3 Implementing Exploratory Search: Approach

Our approach for implementing exploratory search on an EKG, assumes a green-field context where the EKG itself needs to be created. Recently, knowledge graphs were defined as “a set of interconnected typed entities and their attributes”, where an ontology defines the vocabulary of the graph [19]. Therefore, our approach covers both ontology and EKG construction among other steps:

Fig. 1.
figure 1

STAR approach for creating an exploratory search system.

 

Create ontology :

to capture the relevant domain knowledge. While any of the existing ontology creation methodologies can be followed, in an enterprise setting at least the following three stages apply: 1. Scoping clarifies the purpose of the system as well as the use cases and competency questions to be supported; 2. Definition creates the first version of the ontology taking into account organization internal and external data sources; 3. Refinement of the ontology with respect to the use case, data to be represented in the EKG and actual usage during system implementation.

Build EKG. :

To create the EKG entities based on the defined ontology, several methods can be used to transfer relevant data into a semantic representation.

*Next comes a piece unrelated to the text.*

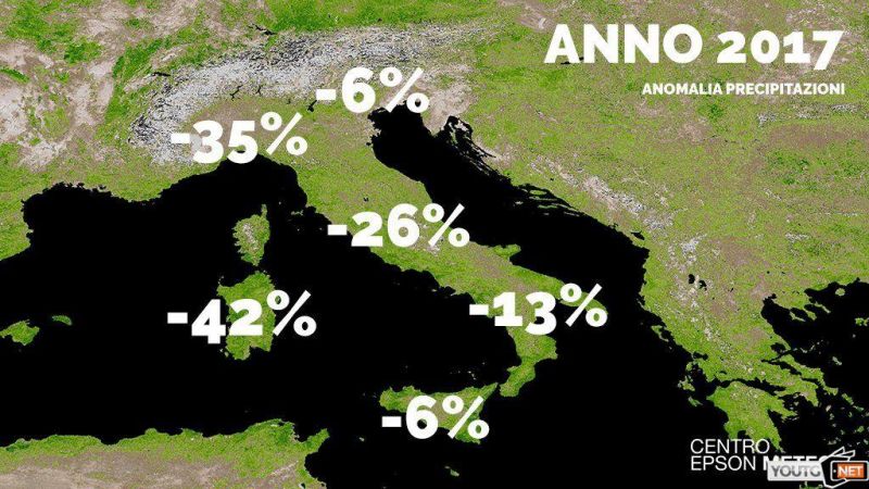 A fare i conti è il Centro Epson meteo: "In 12 mesi – spiega il meteorologo Simone Abelli - sono mancati all’appello circa 40 miliardi di metri cubi d’acqua, otto volte l’acqua contenuta nel Lago di Bracciano. I deficit più pesanti si riscontrano soprattutto sui settori occidentali del Paese: al Nord-Ovest l’anno si è chiuso con il -35% della pioggia, al Centro con il -26%, al Sud con il -13%, ma è in Sardegna l’anomalia peggiore, con un deficit del -42%". A pesare sul bilancio è stata la carenza di piogge della prima parte dell'anno in inverno, primavera, estate, e poi ottobre. E non sono bastati settembre e novembre che hanno fatto registrare un timido recupero.

Define relatedness metrics. :

Taking the view of exploratory search as recommending related entities, at this step suitable relatedness metrics are define, for example, by relying on domain specific heuristics.

Evaluate and select relatedness metrics. :

Before implementing relatedness metrics in a concrete exploratory search system, it is vital to test these. A combination of statistical comparison techniques and user studies is recommended. Evaluation results can be taken into account to refine the metrics.

Implement system :

with the selected metric(s).

  The next sections describe the application of the approach within our use case.

4 Creating the STAR EKG of Architectural Knowledge

Creating the STAR EKG entailed ontology construction and its population. To construct the STAR ontology, in an initial scoping workshop system purpose, use cases, and competency questions were clarified. To create an ontology that could play the role of a common denominator on architectural knowledge terminology within the company, it was decided to build on widely adopted AK models and extend these with domain and organizational specific concepts. The main standard for documenting software architectures is the ISO/IEC/IEEE 42010:2010 [12]. It comprises the meta models used to derive standard-conform viewpoints, architecture frameworks and architecture description languages.

Fig. 2.
figure 2

STAR ontology: main concepts and their relations.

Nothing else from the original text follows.